Beginning with the line below that contains "Glowthinc Skincare Paket" and ending with the line that contains "The Roman shoes", retype every line exactly. Pictures are not copied.

#### LISTED RECORDS
★ ★ ★ ★

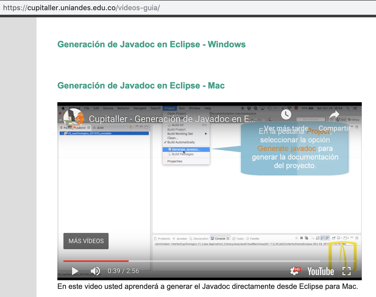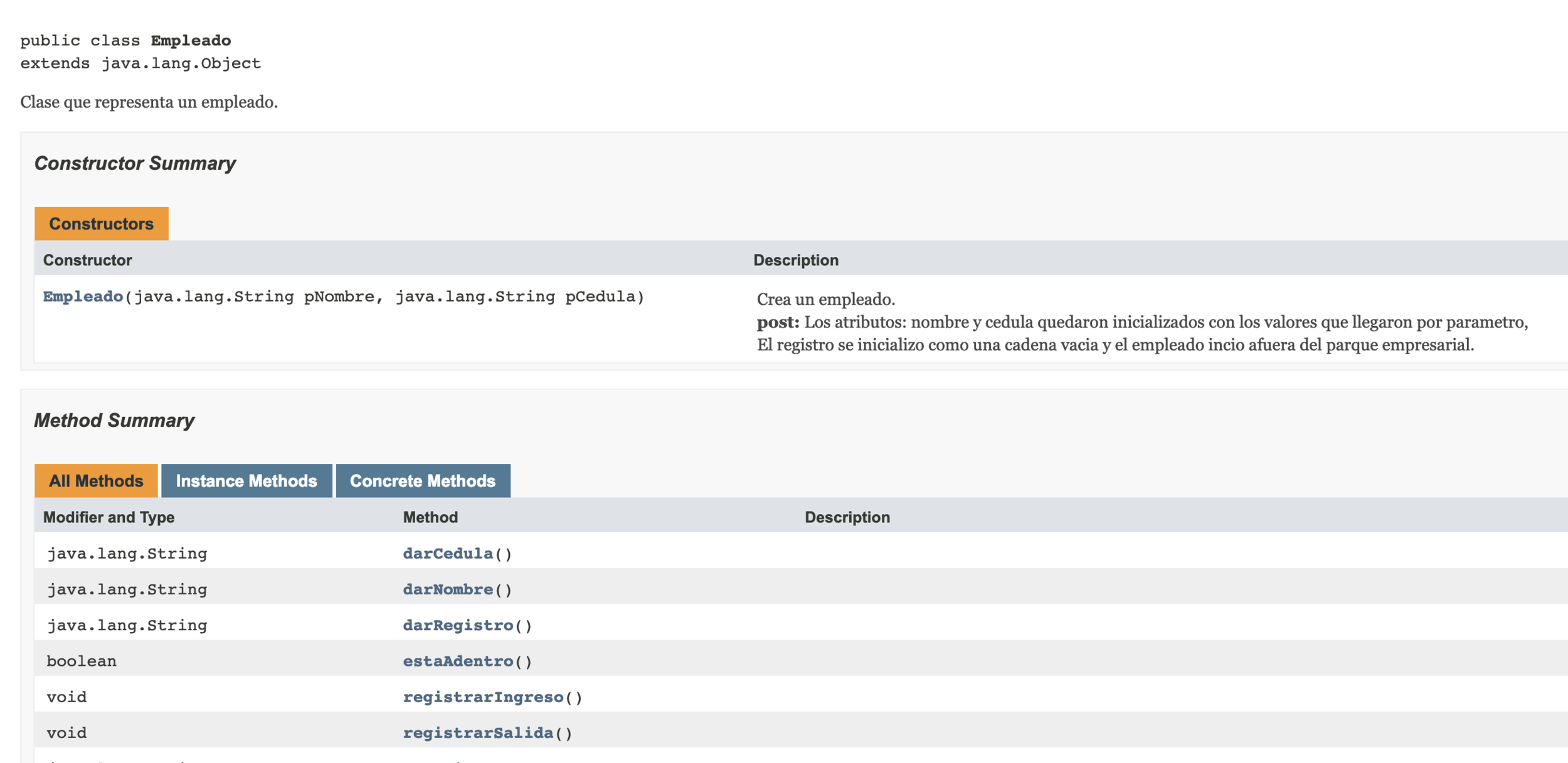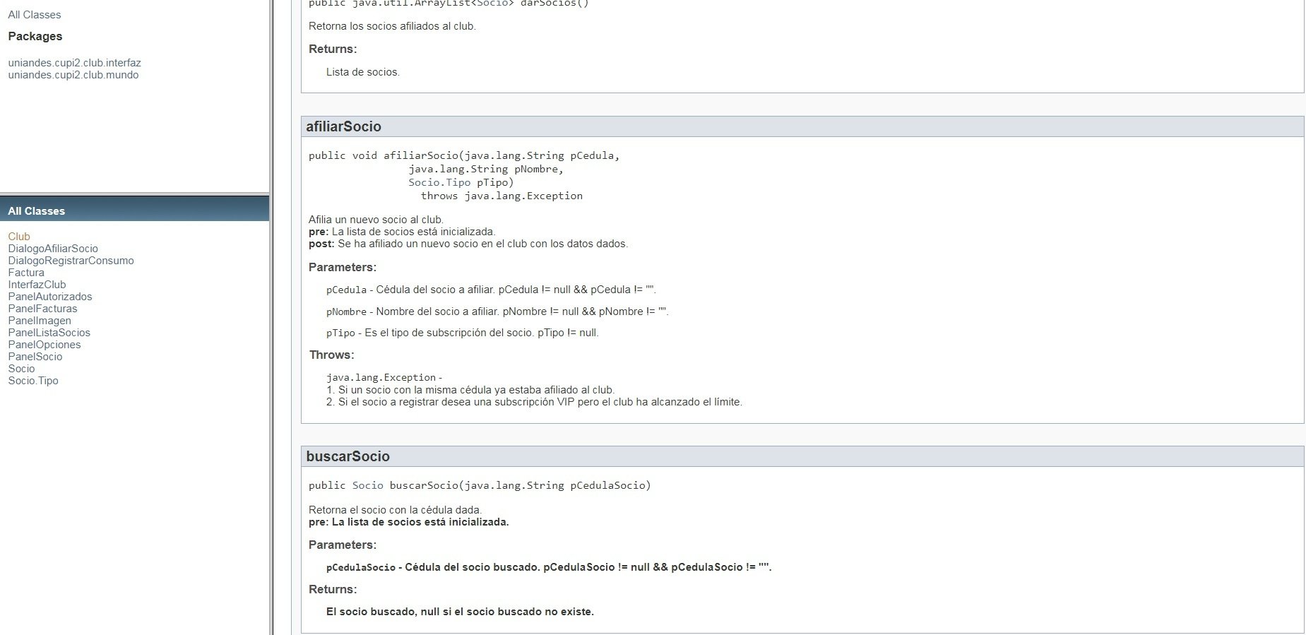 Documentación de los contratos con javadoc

★ ★ ★ ★

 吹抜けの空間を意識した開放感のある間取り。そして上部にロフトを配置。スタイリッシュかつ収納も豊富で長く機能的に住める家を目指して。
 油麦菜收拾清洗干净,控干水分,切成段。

★ ★ ★ ★

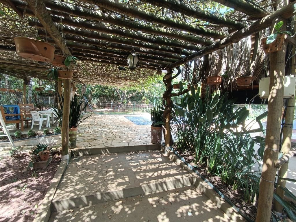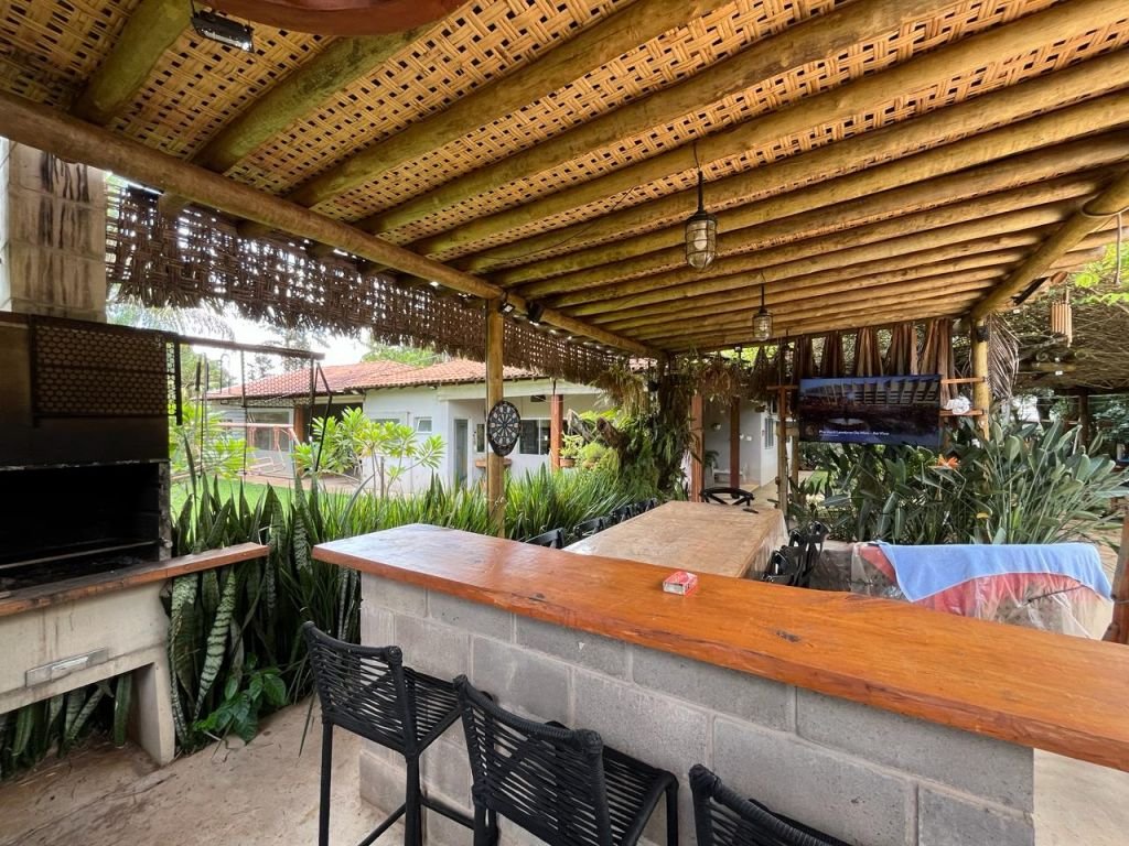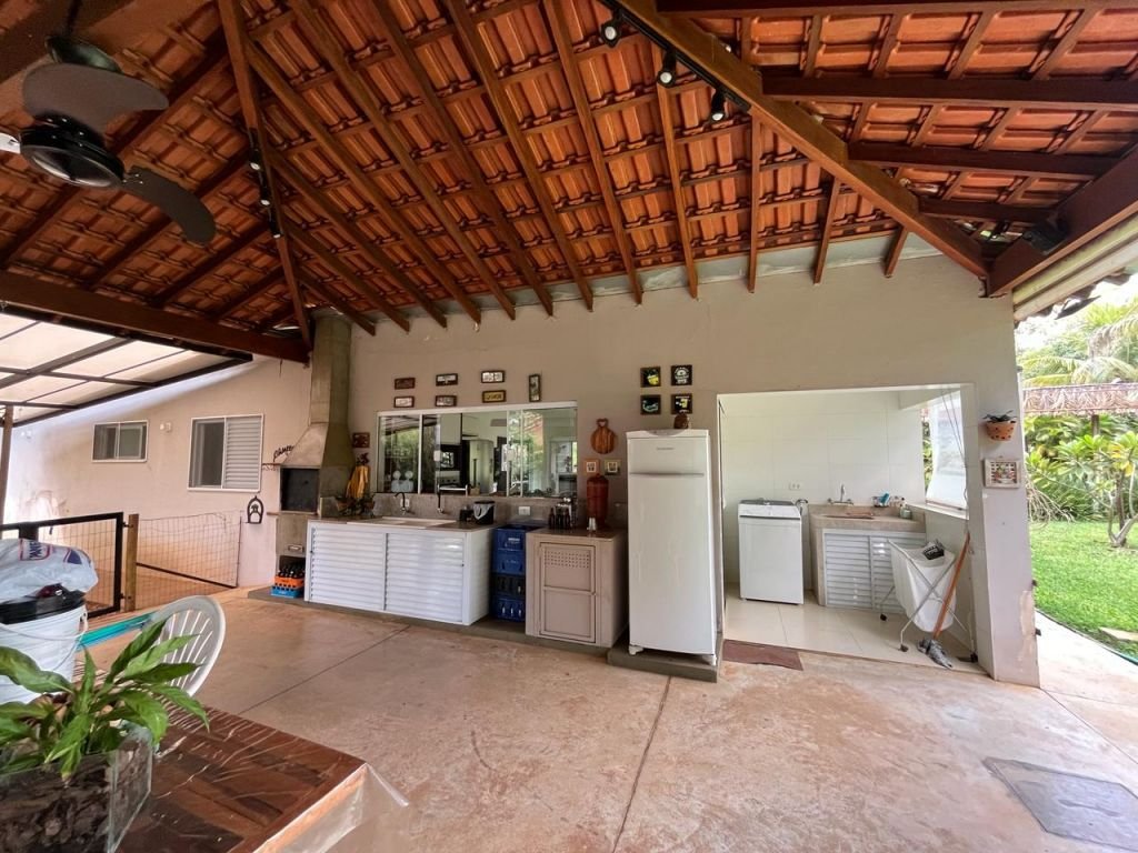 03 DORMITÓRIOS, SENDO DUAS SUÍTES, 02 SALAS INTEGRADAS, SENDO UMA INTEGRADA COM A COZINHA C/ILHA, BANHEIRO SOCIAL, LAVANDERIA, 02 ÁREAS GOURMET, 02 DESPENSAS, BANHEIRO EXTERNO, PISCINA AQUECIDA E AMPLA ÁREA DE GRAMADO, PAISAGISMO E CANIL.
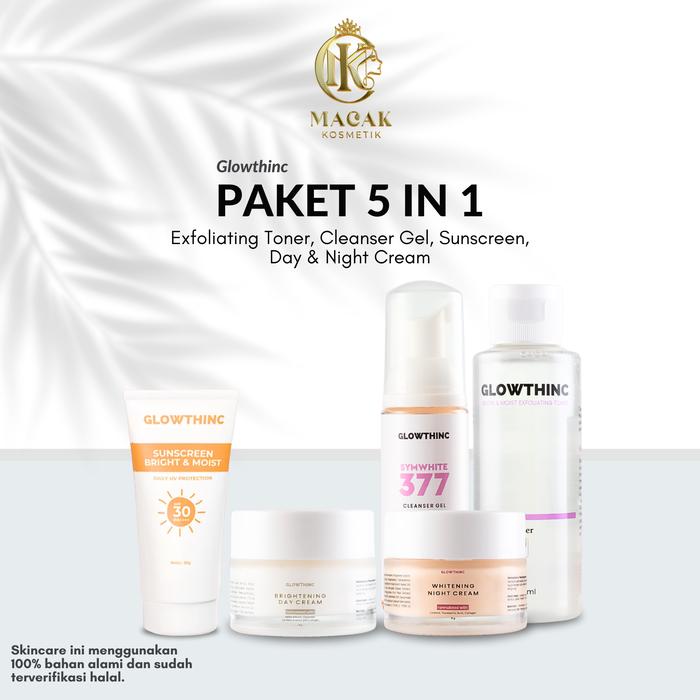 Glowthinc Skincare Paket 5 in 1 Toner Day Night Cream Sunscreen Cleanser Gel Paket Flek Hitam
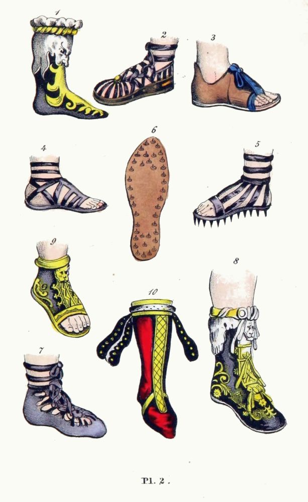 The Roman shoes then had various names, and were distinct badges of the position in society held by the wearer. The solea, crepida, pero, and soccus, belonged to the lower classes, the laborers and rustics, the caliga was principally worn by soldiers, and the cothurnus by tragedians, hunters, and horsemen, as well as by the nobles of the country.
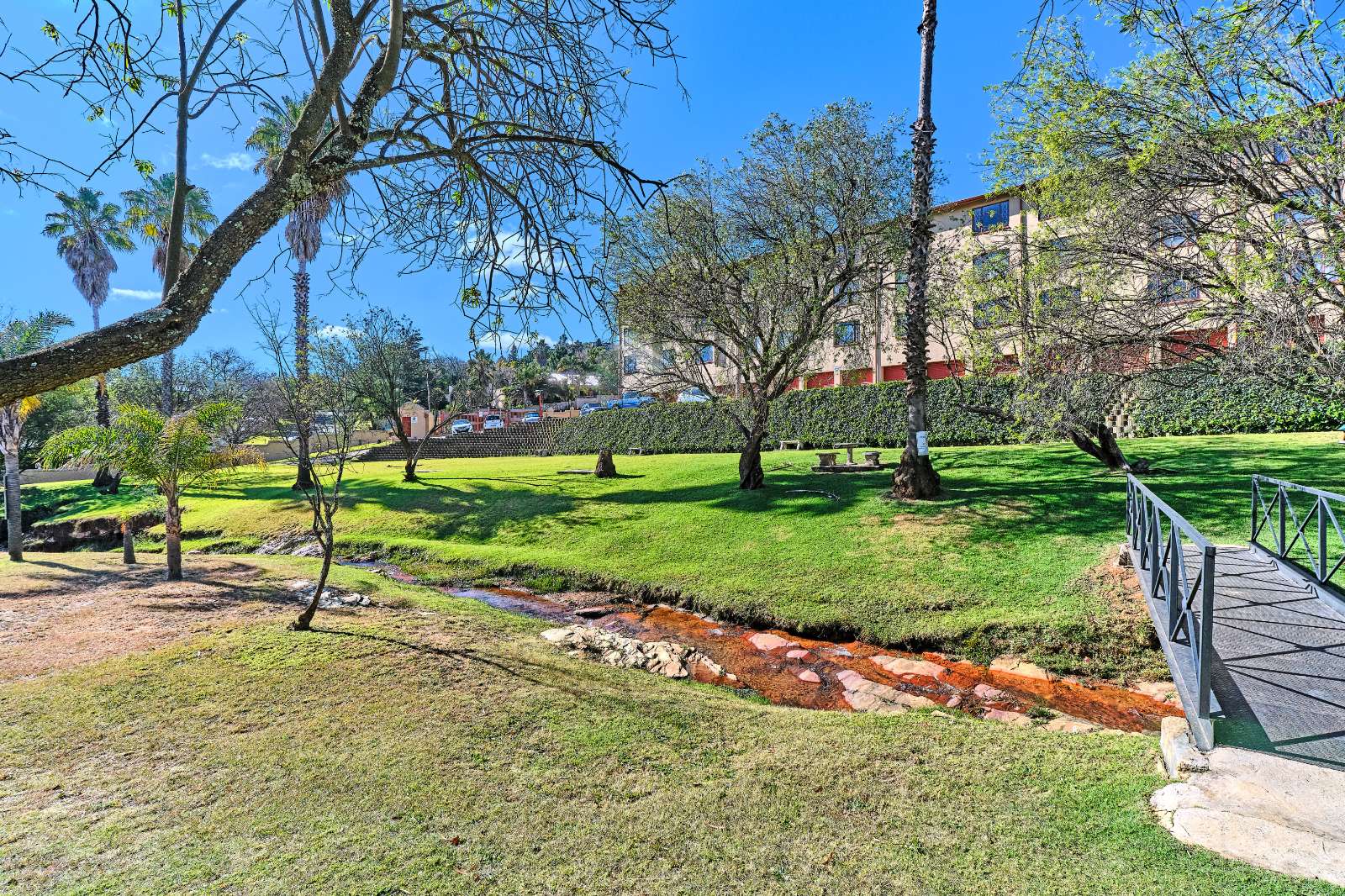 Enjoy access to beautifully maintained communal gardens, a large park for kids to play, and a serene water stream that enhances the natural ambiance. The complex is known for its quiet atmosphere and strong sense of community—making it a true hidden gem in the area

★ ★ ★ ★

#### RESULT OF THIS EXERCISE
 Glowthinc Skincare Paket 5 in 1 Toner Day Night Cream Sunscreen Cleanser Gel Paket Flek Hitam
 The Roman shoes then had various names, and were distinct badges of the position in society held by the wearer. The solea, crepida, pero, and soccus, belonged to the lower classes, the laborers and rustics, the caliga was principally worn by soldiers, and the cothurnus by tragedians, hunters, and horsemen, as well as by the nobles of the country.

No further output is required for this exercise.